По косогору за хутором уже стояли посты; по улицам ночью ходили патрули. Начальником гарнизона был все тот же Арчаков. Карательный отряд уже ушел. Дом Арчаковых превратился в штаб. Семен был у хозяина в роли вестового и адъютанта одновременно.
Бегал за взводными урядниками, передавал казакам приказания, седлал лошадей. Но все это делал с ленцой, нехотя, подчиняясь привычке. Зато с какой неподдельной любовью он ухаживал за Варварой! Подавал воды, приносил ей из лавчонки пряников, поил душистой мятой, прикладывал ко лбу влажный платок…
Все эти дни Варвара не вставала с постели. После того, как украдкой сообщила Филиппу о подслушанном разговоре, она еще не выходила на улицу. За несколько дней исхудала так, будто проболела целые месяцы. Когда Арчакова в хате не бывает, Семен подсядет к ней на кровать и подробно начинает рассказывать о хуторских событиях. Варвара слушает его, уставив потухшие глаза в потолок; о чем-то строго и подолгу думает, плотно сжав губы. Семен, пугаясь ее непонятных мыслей, начинал привирать о том, что якобы он говорил с Филиппом, и тот спрашивал про нее, — обещал скоро вернуться. На меловых щеках Варвары вспыхивал бледный румянец, брови ее распрямлялись, И она молча благодарила Семена потеплевшими глазами.
Арчаков надевал мундир (он собирался поверить посты — втайне он не доверял «румынам», хотя обнаружить это недоверие пока не хотел), когда в чулане затопали сапоги и в дверях застрял полицейский — в темноте он зацепился за крючок портупеей.

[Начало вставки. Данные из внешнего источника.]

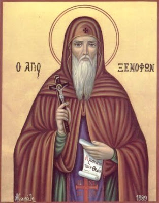 Ὡς γενεὰ εὐλογητὴ τῷ Κυρίῳ, τῆς οὐρανίου ἠξιώθησαν δόξης, ἀσκητικῶς δοξάσαντες Χριστὸν ἐπὶ τῆς γῆς, Ξενοφῶν ὁ Ὅσιος, καὶ ἡ τούτου συμβία, σὺν τοῖς ἀριστεύσασιν, ἱεροῖς αὐτῶν τέκνοις· οὓς εὐφημοῦντες εἴπωμεν φαιδρῶς· χαίροις Ὁσίων, χορεία τετράριθμε.

— Василь Палыч, — завопил он, дергая за ремень, — мне жизни от бабья нет, проходу не дают! Андрюхина Матрена все глаза выцарапала. Выпусти, кричит, старика, все равно, дескать, сама открою! И откроет, Василь Палыч, ведь амбар-то не заперт. Эти супостаты безголовые сломали замок. Бегал в лавчонку, да там такие замки, что, прости господи, годятся нешто бабам подолы примыкать.
Арчаков смерил его хмурым взглядом.
— Бедный мой! Тебя жена-то не бьет?
— Да я не в том, Василь Палыч, — полицейский боязливо сгорбился и присел на скамью, — мож, кого, мол, прикажешь назначить, чтоб караулили.
Арчаков грохнул ящиком стола и достал из него старинный, в полпуда замок:
— На тебе караульного! Да другой раз с такими делами не приходи ко мне! А то, чего доброго, скоро явитесь к атаману — на двор вас сводить!
Полицейский смущенно посопел большим носом, поправил сползшую под мышки бляху и потянул в чулан.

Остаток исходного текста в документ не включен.